2) Alterations in cellular metabolism at the cortical level -- Evidence of alterations in neurotransmitter function is suggested by clinical evidence of cognitive improvement following treatment with selective serotonin reuptake inhibitors (SSRI's) which appears to be independent of their antidepressant effect. Systematic studies of the impact of SSRI's on cognitive function, as well as the role of other transmitters, are required.

3) Neuro transmitter abnormalities (imbalances of synthesis and/or receptor activity) -- Neurotoxic substances may well play a role in Lyme Encephalopathy, given the neurotropic nature to Treponema pallidim, and the close parallel between syphilis and Lyme disease, it is possible that Borrelia burgdorferi could produce intracellular or extracellular neurotoxins which we have yet to identify.

4) Neurotoxic substances produced endogenously or possibly exogenously -- Endogenous neurotoxins have been identified as by-products of the humoral immune response. Among these is quinolinic acid, a product of the interleukin cascade system, which accumulates as a result of the humoral response to acute infectious agents and functions as a neuronal excitotoxin. As there are many similarities between Lyme Encephalopathy and the nonspecific mental dysfunction of acute systemic infections, such as influenza, it is quite possible that continued stimulation of production of quinolinic acid and other cytokines plays a role in the pathophysiology of Lyme encephalopathy.

IV. Clinical Impressions and Implications for Diagnosis and Treatment in Chronic Lyme Disease

This study demonstrates that for the majority of chronic Lyme patients with cognitive complaints, there is in fact a measurable and significant decline in intellectual acuity. The nature and severity of the cognitive impairment is such that it interferes with all aspects of normal functioning: employment, home, marriage, social interactions, and general emotional well-being. Rather than the cognitive complaints being secondary to anxiety or depression, as is sometimes suspected, depression and anxiety increase with, and are apparently secondary to, cognitive impairment and the emotional and practical impact of a loss of competence. Thus, while patients with chronic Lyme disease can present a confusing and "psychiatric" picture to the clinician, it is important that their concerns be properly investigated and addressed.

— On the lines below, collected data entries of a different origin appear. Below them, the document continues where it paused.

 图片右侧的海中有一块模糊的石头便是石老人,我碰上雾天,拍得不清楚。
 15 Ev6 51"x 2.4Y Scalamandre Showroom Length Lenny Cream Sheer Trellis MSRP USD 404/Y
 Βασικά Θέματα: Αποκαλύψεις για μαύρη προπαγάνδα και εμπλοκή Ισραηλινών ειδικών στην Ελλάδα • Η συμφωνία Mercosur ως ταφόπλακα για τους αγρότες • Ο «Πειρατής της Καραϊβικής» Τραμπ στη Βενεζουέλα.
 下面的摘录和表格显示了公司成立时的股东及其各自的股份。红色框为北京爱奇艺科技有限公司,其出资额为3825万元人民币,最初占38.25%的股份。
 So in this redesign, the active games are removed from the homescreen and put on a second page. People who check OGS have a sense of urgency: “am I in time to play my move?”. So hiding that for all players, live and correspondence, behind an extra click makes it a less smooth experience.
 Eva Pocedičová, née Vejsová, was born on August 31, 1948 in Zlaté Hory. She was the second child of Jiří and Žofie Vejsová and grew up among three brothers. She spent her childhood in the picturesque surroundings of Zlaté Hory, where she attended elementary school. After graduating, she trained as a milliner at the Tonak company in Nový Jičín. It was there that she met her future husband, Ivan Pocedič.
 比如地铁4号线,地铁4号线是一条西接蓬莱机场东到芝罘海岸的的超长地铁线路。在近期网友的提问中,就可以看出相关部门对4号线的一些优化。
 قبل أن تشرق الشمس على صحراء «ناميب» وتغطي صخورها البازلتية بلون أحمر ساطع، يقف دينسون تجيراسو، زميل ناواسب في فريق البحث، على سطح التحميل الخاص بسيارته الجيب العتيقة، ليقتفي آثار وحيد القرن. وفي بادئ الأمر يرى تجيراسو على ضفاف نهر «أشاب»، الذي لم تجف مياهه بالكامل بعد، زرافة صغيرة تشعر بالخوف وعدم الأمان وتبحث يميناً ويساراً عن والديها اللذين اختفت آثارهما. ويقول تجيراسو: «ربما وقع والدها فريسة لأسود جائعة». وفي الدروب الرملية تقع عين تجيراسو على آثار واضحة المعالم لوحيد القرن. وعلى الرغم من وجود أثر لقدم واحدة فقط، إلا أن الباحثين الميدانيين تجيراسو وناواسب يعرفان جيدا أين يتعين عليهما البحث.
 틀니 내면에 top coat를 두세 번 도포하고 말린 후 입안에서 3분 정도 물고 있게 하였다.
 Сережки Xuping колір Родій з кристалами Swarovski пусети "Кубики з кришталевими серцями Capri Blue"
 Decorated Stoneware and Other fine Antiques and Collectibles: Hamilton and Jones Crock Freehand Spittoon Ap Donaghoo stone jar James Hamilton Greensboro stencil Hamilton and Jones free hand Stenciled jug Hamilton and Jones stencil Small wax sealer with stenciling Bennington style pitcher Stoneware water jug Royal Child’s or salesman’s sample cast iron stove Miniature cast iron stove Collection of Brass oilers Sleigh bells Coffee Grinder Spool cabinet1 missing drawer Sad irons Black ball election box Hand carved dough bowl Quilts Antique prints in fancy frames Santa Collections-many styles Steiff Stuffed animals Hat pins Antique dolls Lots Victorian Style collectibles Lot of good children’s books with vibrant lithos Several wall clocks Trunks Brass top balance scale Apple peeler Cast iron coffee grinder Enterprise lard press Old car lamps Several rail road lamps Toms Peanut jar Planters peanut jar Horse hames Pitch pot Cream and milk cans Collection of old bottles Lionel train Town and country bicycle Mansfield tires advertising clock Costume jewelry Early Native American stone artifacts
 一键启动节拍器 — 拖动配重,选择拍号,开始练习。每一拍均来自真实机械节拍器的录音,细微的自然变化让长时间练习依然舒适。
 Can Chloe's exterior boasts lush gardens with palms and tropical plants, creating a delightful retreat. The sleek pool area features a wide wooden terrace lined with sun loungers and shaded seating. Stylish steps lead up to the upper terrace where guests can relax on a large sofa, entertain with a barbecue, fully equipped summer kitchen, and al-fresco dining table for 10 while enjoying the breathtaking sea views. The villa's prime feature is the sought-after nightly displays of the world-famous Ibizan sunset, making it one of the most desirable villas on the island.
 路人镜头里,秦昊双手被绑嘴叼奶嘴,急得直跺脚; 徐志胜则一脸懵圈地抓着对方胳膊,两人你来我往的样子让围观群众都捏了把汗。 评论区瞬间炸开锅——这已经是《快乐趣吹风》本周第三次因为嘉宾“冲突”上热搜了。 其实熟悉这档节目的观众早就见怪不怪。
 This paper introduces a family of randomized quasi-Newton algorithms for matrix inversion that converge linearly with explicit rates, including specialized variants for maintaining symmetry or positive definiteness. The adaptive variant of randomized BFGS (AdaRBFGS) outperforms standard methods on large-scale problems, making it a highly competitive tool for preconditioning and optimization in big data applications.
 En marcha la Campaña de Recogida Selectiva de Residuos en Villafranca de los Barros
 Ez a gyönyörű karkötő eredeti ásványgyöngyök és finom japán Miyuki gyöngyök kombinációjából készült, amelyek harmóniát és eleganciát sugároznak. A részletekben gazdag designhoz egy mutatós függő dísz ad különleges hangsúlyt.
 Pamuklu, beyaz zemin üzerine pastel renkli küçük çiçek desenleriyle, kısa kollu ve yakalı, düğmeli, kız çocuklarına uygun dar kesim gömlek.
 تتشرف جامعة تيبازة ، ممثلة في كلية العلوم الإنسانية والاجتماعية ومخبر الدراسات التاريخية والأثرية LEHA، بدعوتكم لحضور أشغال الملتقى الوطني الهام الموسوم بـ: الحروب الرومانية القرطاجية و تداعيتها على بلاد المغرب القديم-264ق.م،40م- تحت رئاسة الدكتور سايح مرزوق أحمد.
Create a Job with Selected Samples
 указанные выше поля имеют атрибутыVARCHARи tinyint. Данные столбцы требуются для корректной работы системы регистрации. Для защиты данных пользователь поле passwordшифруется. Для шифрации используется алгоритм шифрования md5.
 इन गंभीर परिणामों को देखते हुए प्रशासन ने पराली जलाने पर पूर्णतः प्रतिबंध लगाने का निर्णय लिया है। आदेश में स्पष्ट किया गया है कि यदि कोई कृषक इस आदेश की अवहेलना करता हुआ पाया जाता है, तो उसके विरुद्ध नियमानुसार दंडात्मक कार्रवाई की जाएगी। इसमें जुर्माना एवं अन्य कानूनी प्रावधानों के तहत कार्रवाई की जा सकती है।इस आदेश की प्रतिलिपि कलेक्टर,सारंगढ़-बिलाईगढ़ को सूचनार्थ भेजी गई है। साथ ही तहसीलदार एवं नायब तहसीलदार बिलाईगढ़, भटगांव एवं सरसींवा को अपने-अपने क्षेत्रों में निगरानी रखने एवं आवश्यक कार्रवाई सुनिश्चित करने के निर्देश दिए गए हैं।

Patients with Lyme encephalopathy complain of problems with memory and concentration, word retrieval, confusion, problems with thinking, "mental fogginess", a decline in job performance, difficulty with calculations, directions, and judgment. Decreased initiative, manifest as difficulty getting started with or following through with projects is often noted. Mood disturbance is common with complaints of irritability, explosiveness or "a short fuse," sadness, hopelessness or guilt, increased anxiety or mood swings. Sleep disturbance is also common, and can present as initial, middle or terminal insomnia or some combination of these. Fatigue is universal. Headache is common, and of course joint and muscle pain. Increased sensitivity to light and noise, visual disturbance, and tingling in the extremities are also common.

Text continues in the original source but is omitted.